Pennsylvania Capitol

The Pennsylvania Capitol in Harrisburg.

HARRISBURG – A bill that would allow parents to give their kids a do-over extra year of school to make up for the 2020-21 year’s disruptive pandemic-related closings and operating changes has begun to move in the state House.

The bill has already passed in the state Senate.

The House Education Committee on Wednesday voted 24-1 in favor of the bill, even though several Democrats expressed reservations about its provisions.

State Rep. Joseph Ciresi, D-Montgomery, said that if the state doesn’t provide schools with more money to cover the cost, the legislation would be an “unfunded mandate” that would create additional burdens.

The legislation was approved by the state Senate by a 48-0 vote on May 12. It now awaits a vote before the full House, which doesn’t return to session until June 7 as lawmakers head down the final stretch toward passing the state budget, due by June 30.

State Rep. Mark Longietti, D-Mercer, the Democratic chair of the Education Committee, said that, while he was voting for the bill, he would have rather seen a more limited bill focused on making the extra year available to students with disabilities.

“My preference would have been more focused on special education, especially those who are going to age out of the system,” Longietti said. “That’s a legitimate concern.”

Longietti said that, otherwise, “it’s unclear” what basis would be used to determine when students and their parents would be choosing to take advantage of the do-over.

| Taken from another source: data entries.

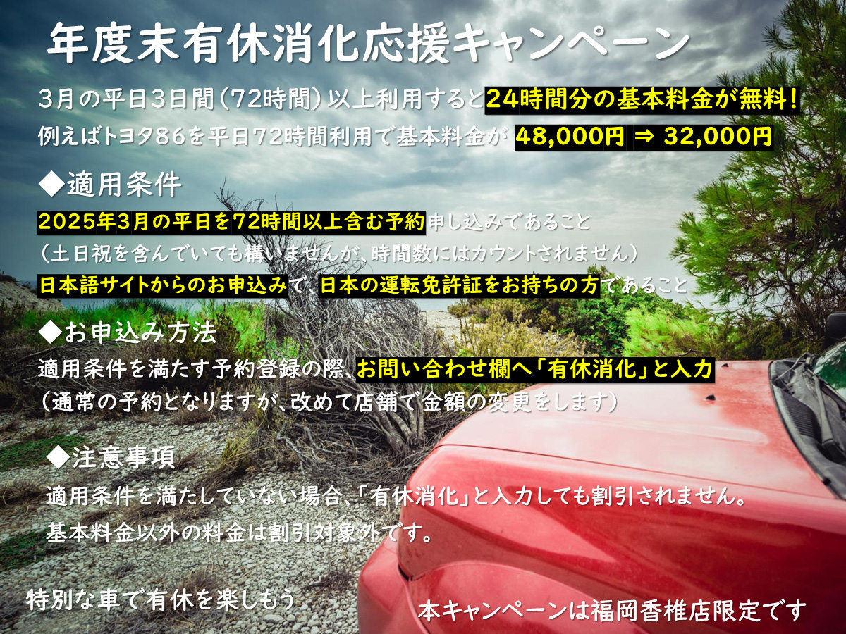 【福岡香椎店】◆◇年度末有休消化応援キャンペーン◇◆
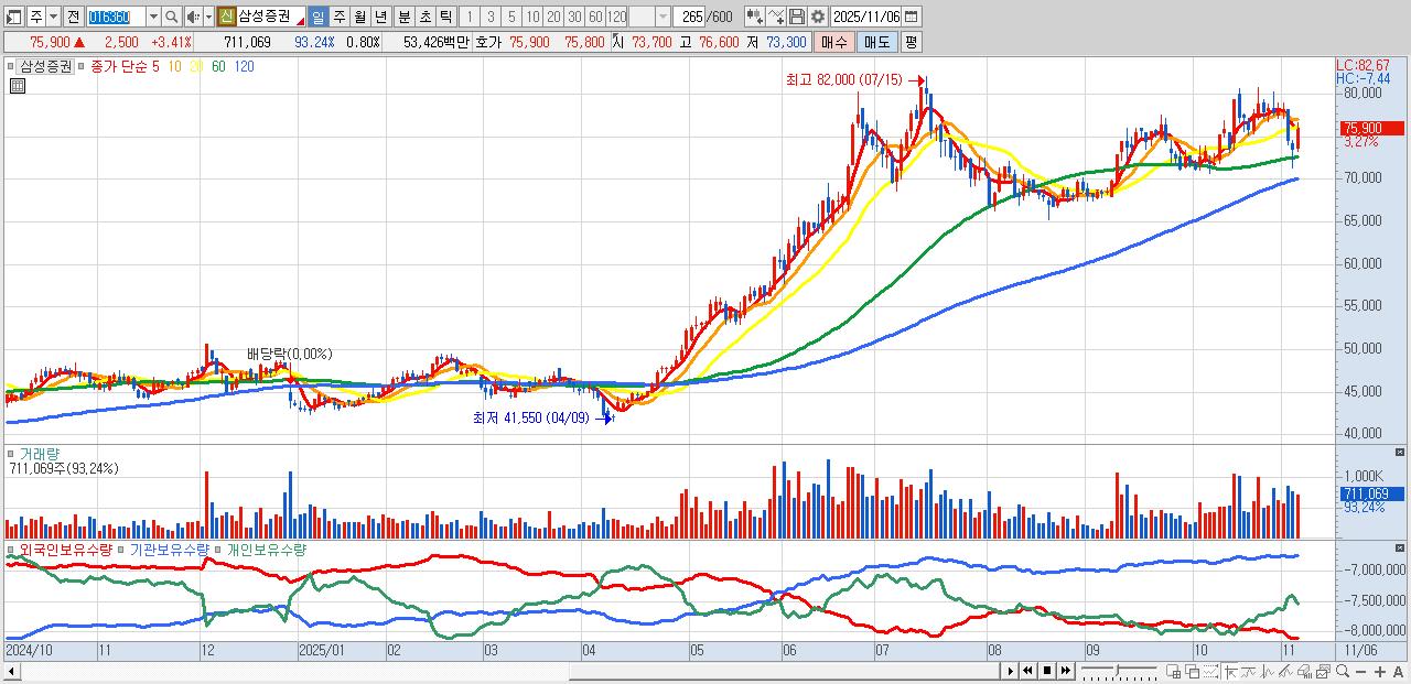 - 삼성증권 (75,800원 ▲ 3.27% , 시총: 67,689억, 외국인 순매수 거래금:65억)
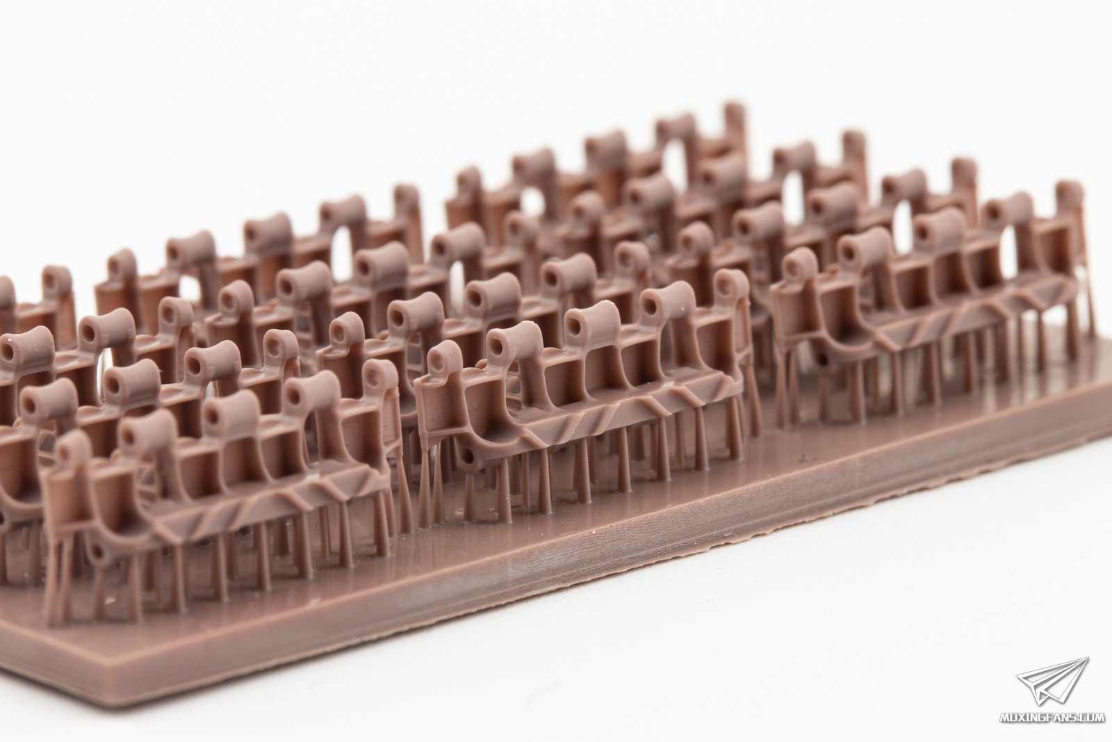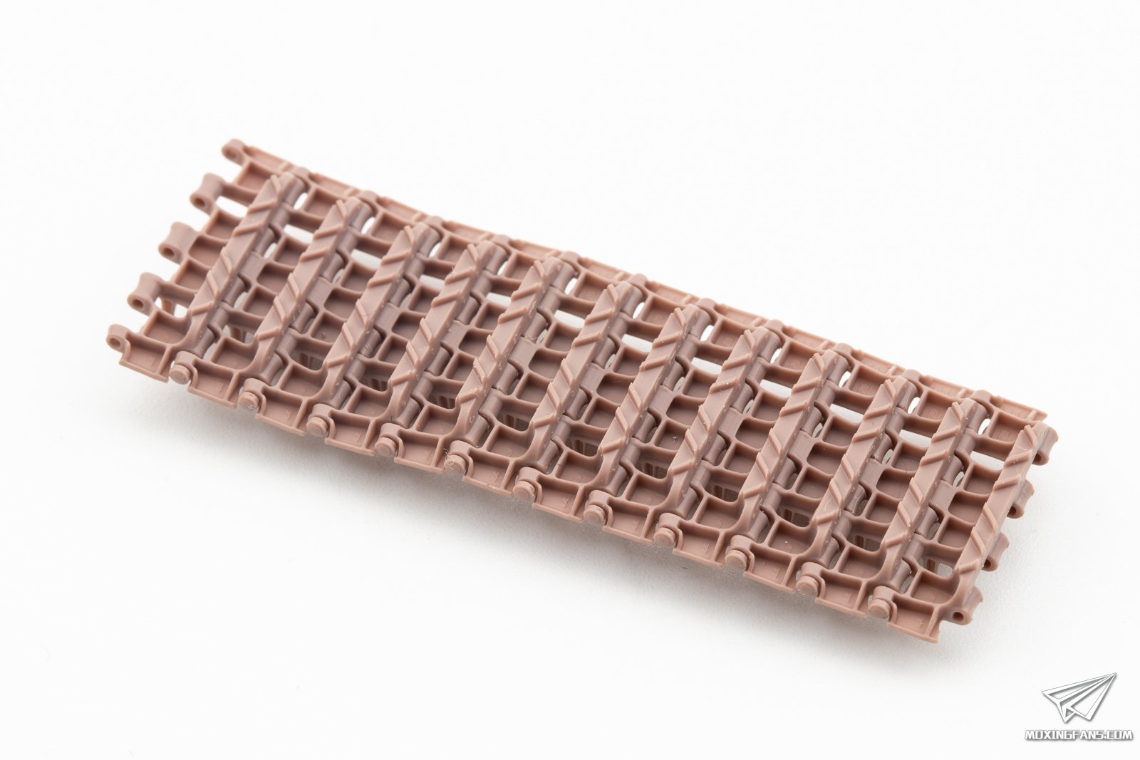 ▼ 因为是3D打印部件,所以并无需担心射出件常见的推出孔问题,也无需担心金属铝带常见的履带轴孔不贯通的品控问题,履带的细节和锐利程度表现的非常出色,请注意红圈内的微小的铸造编号细节。因为是精度比较高的红蜡打印,所以低端3D打印常见的横纹现象并不明显,跟常见的射出件表现没有明显差别。
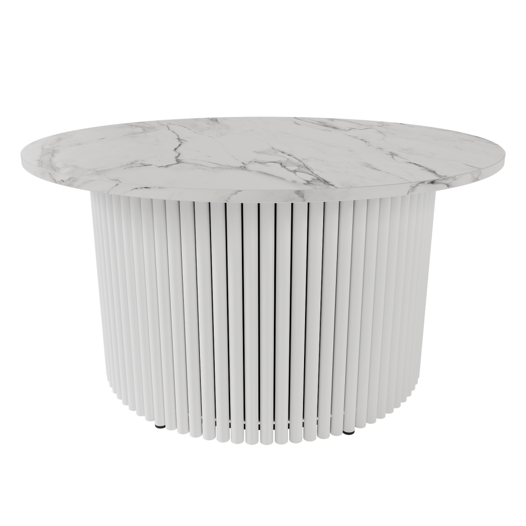 - Журнальный столик TRUBIS Wood M D80 см, белый мрамор/белый
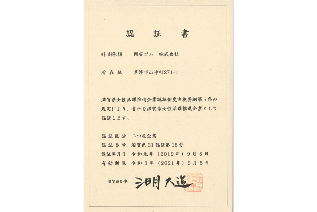 『滋賀県女性活躍推進企業 二つ星企業』を獲得致しました。
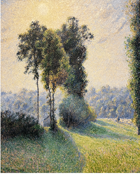 When Camile Pissarro painting this landscape of the Normandy countryside about 40 miles north of Paris, he was briefly yet deeply under the spell of pointillism.

State Rep. Jesse Topper, R-Bedford, who’d authored similar legislation, said that students wouldn’t gain an extra year of sports due to the bill. He said the measure is intended to provide balance in that, under current law, school district officials have the sole authority to determine when a student is ready to advance a grade or not, even though many students spent large chunks of the 2020-21 school year studying at home.

Topper said there’s little reason to believe that families will take advantage of the option unless they have serious concerns about whether students are academically and socially prepared to advance a grade.

“They know if their student is not ready,” he said. “Before it was just the school district that could say that students will advance, but some of these schools have not even seen the students.”